Working together, Zadara and NeoKarm already have done over 20 deployments and have done very well, Nahum said. However, he said, Zadara felt it was important to acquire NeoKarm rather than continuing to partner with the company.

“The IP NeoKarm has is very important,” he said. “We want to have this IP as part of Zadara’s IP. And NeoKarm has some very good people. [NeoKarm CEO] Simon Grinberg is a brilliant guy. He was vice president of products at Stratoscale and is now the vice president of products at Zadara. We’re OK with partnering with Supermicro for the hardware. But we want NeoKarm to be part of Zadara.”
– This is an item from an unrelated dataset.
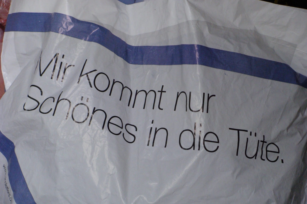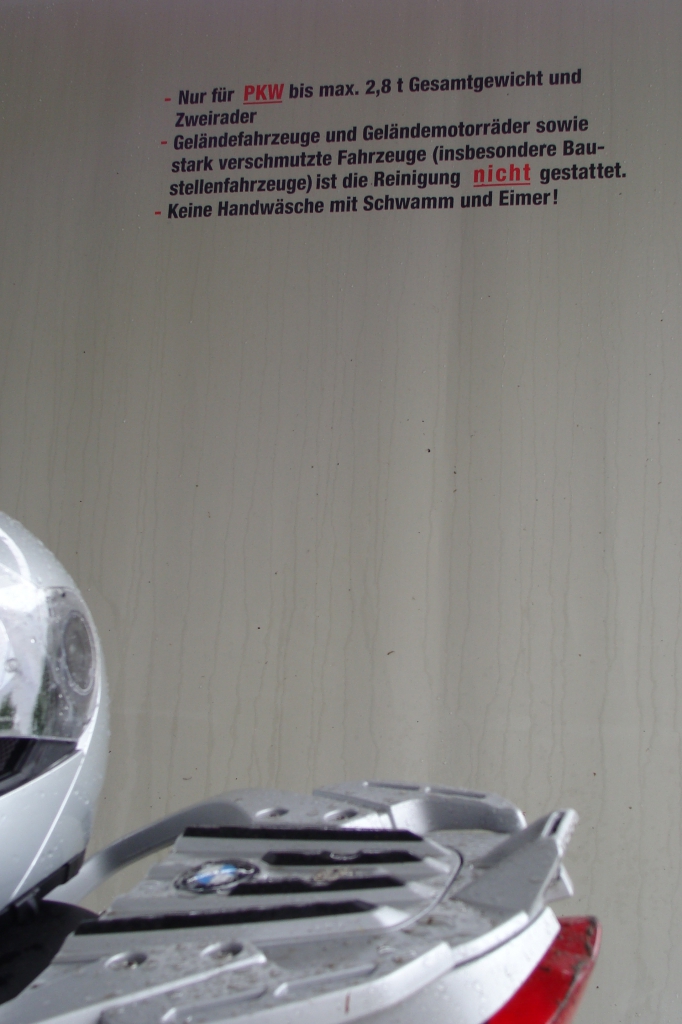 |   | Waschen verboten. Aber wir haben auch so genug (vom) Wasser. |

Nahum declined to speculate why Stratoscale went out of business. However, according to the Israel-based online news site Calcalist, Stratoscale stopped development of its AWS-compatible cloud system because sales were not growing at the pace needed to match the investment the company needed to make. Stratoscale had raised about $70 million from a couple of venture capital funds as well as from IT giants Cisco Systems, Intel, Qualcomm and SanDisk.

Zadara itself has raised a total of about $60 million in funding, including its last round of $25 million about two and a half years ago, Nahum said.
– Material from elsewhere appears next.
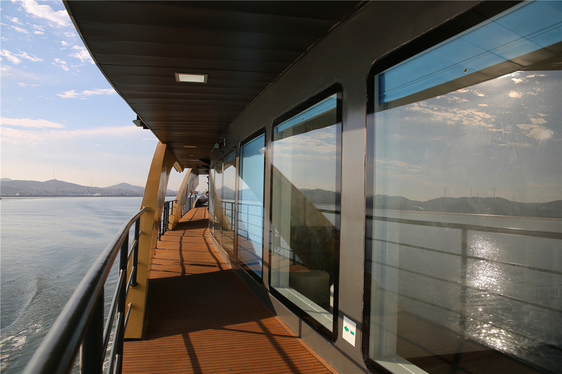長島——蓬萊航班,旅游季節(5-10月份)每天早6點至晚18點,每半小時一班,航程30至40分鐘,票價45元/人。需要帶車上島的話另有費用,轎車、越野車(SUV)、吉普車、商務車、8-12座面包車170元/輛。

Nahum declined to discuss the acquisition price for NeoKarm. He did say that Zadara is not yet profitable because it has been focused on growing its business, including increasing its staff to about 150 people including those who came with NeoKarm. He said the acquisition was funded with the company’s existing cash.
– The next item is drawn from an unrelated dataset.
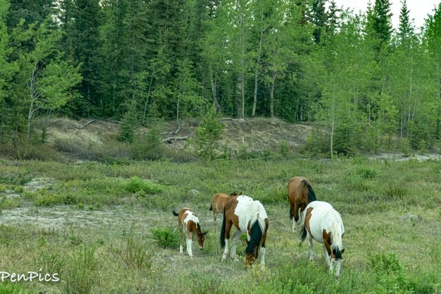 The real excitement was finally getting to see a small herd of the Wild Horses! Now those horses must be super tough, to survive in the wilderness with Grizzlies and Wolves! Looks like a third mare, is ready to pop, any day.

While Zadara develops software-defined storage, it does not sell that technology as a stand-alone offering, Nahum said.

“We sell the full cloud,” he said. “Our software-defined storage technology is used to make Storage as a Service. With NeoKarm, we now provide the entire stack. I don’t think many companies have the full stack we offer.”

Zadara’s technology is an edge cloud service to provide a full cloud at the customer’s location, Nahum said.

“We position the cloud in general as better to run at the edge,” he said. “For example, we partner with companies like Veeam for Backup as a Service. It’s easier to do backups where you are than do them across the country in a public cloud.”